Art. 127. O credor de coobrigados solidários cujas falências sejam decretadas tem o direito de concorrer, em cada uma delas, pela totalidade do seu crédito, até recebê-lo por inteiro, quando então comunicará ao juízo.(1)
§ 1o O disposto no caput deste artigo não se aplica ao falido cujas obrigações tenham sido extintas por sentença, na forma do art. 159 desta Lei.
§ 2o Se o credor ficar integralmente pago por uma ou por diversas massas coobrigadas, as que pagaram terão direito regressivo contra as demais, em proporção à parte que pagaram e àquela que cada uma tinha a seu cargo.
§ 3o Se a soma dos valores pagos ao credor em todas as massas coobrigadas exceder o total do crédito, o valor será devolvido às massas na proporção estabelecida no § 2o deste artigo.
§ 4o Se os coobrigados eram garantes uns dos outros, o excesso de que trata o § 3o deste artigo pertencerá, conforme a ordem das obrigações, às massas dos coobrigados que tiverem o direito de ser garantidas.
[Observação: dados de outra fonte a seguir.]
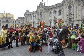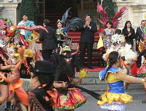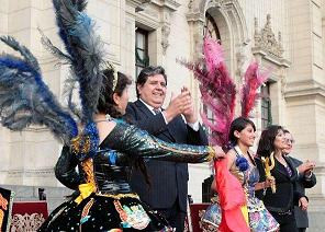 ceremonia en Palacio de Gobierno los congresistas por la región Puno Aldo Estrada, Alfredo Cenzano, Yonhy Lescano, Margarita Sucari y Susana Vilca, y con ellos, el alcalde provincial de Puno, Luis Butrón Castillo; y la presidenta de la Federación Regional de Folclor y Cultura de Puno, Yenny Silva Quispe. En esta ceremonia, los sicuris, de la asociación educativa y cultural de Rurarccaya, abren la parte artística de la presentación. El sicuri es un símbolo de la identidad de Puno, llamada también la “Nación Altiplánica”. En seguida, la morenada, de la asociación central folclórica de Puno; la saya, la wifala, y la diablada, ganadora del último concurso de danzas de trajes de luces de la festividad de 2010. Puno, la Capital del Folclor Peruano, celebra cada año la más grande fiesta patronal del país. Las calles, adornadas con guirnaldas y luces, se convierten en el espacio perfecto para el desfile de 40,000 danzarines y 9,000 músicos de todo el departamento, durante los 17 días que duran los festejos. (FIN) NDP/RES - GRM LANZAMIENTO DE LA FESTIVIDAD VIRGEN DE LA CANDELARIA 2010.

1. Falência de coobrigados. O artigo 127 trata de situação em que dois ou mais coobrigados solidários vão à falência. Da mesma forma como poderia o credor, em situações normais, cobrar simultaneamente a integralidade da dívida de ambos os devedores (CC, art. 275), dispõe o artigo 127 da Lei de Falência que “o credor de coobrigados solidários cujas falências sejam decretadas tem o direito de concorrer, em cada uma delas, pela totalidade do seu crédito, até recebê-lo por inteiro”. A regra segue a mesma dinâmica estabelecida para a solidariedade passiva e coerentemente mantida para as situações em que esses coobrigados solidários vão à falência. Há, entretanto, uma diferença entre a sistemática instituída pela solidariedade passiva e o direito em concorrer em todas as falências que é assegurado ao credor de coobrigados solidários. Diz o artigo 275 do Código Civil que “se o pagamento tiver sido parcial, todos os demais devedores continuam obrigados solidariamente pelo resto”. Por sua vez, mesmo em caso de pagamento parcial, o artigo 127 da Lei de Falência expressamente mantêm todos os coobrigados solidários obrigados à integralidade da dívida, dizendo que “o credor de coobrigados tem o direito de concorrer, em cada uma delas, pela totalidade do seu crédito, até recebê-lo por inteiro”. Na prática, tal aparentemente singela diferença representa um enorme incremento das chances de ter seu credito integralmente adimplido. Evidentemente, entretanto, não tem o credor o direito de receber mais do que lhe é devido. Por essa razão, tem o credor a obrigação de comunicar o recebimento da integralidade dos valores que lhe forem devidos a todos os respectivos juízos em que tiver seu crédito habilitado sob pena de, não o fazendo, ser obrigado a restituir em dobro as quantias recebidas, acrescidas dos juros legais, se ficar evidenciado dolo ou má-fé (art. 152). Além disso, uma vez paga a integralidade da dívida ao credor, terão as massas falidas direito de regresso entre elas para que cada uma delas não responda por mais do que a parte que lhe cabia. Assim, se determinada massa falida houver pagado mais do que a parte que lhe cabia da dívida, terá direito de regresse contra das demais na proporção do pagamento que houver excedido sua parte.